Background Fatigue is a common symptom of liver disease but not well-characterized in patients with chronic hepatitis B virus (HBV). Aims We assessed the rate of fatigue using a validated instrument in patients with HBV and identified demographic, virologic, and clinical features associated with fatigue in a cross-sectional cohort study from the Hepatitis B Research Network (HBRN). Methods Participants were English and Spanish-speaking adults with chronic HBV who were not pregnant nor on treatment.
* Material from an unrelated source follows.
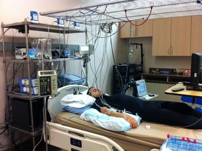 The second room is equipped with a small exercise testing facility equipped with a metabolic system, treadmill, semi-recumbent and upright cycle ergometers and medical bed as well as blood and urine analysis equipment. This research space is used primarily to conduct patient screening and/or prepare the participants for the experimental trials.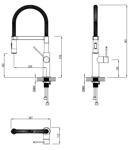 • wysokość wypływu wody 16,3 cm

Fatigue was measured using the PROMIS® Fatigue 7-item Short Form. Results The sample included 948 adults: median age 42; 51% female; 71% Asian; 74% college educated; 77% employed; 41% inactive HBV carriers; 36% with active chronic disease; and 2% with advanced fibrosis, defined as AST-Platelet Ratio Index (APRI) > 1.50. Patients with chronic HBV had a mean fatigue T-score of 46.8 ±SD=7.9, compared to a mean fatigue T-score of 50.0 ± 10 in the U.S. general population (p<.0001). In univariate analyses, greater fatigue was associated with demographic and clinical features such as female sex, lower income, more comorbidities, higher APRI score, and poorer mental health (p<0.05). In multivariate analysis, female sex (p<.001), poorer mental health (p <.001), APRI score (p=.005) and history of diabetes (p=.039) were the strongest independent predictors. Conclusions The frequency of fatigue in this large cohort of North American chronic HBV patients may be equal to or lower than that reported in the U.S. general population. Patients with advanced fibrosis, more comorbidities, and poorer mental health report worse fatigue.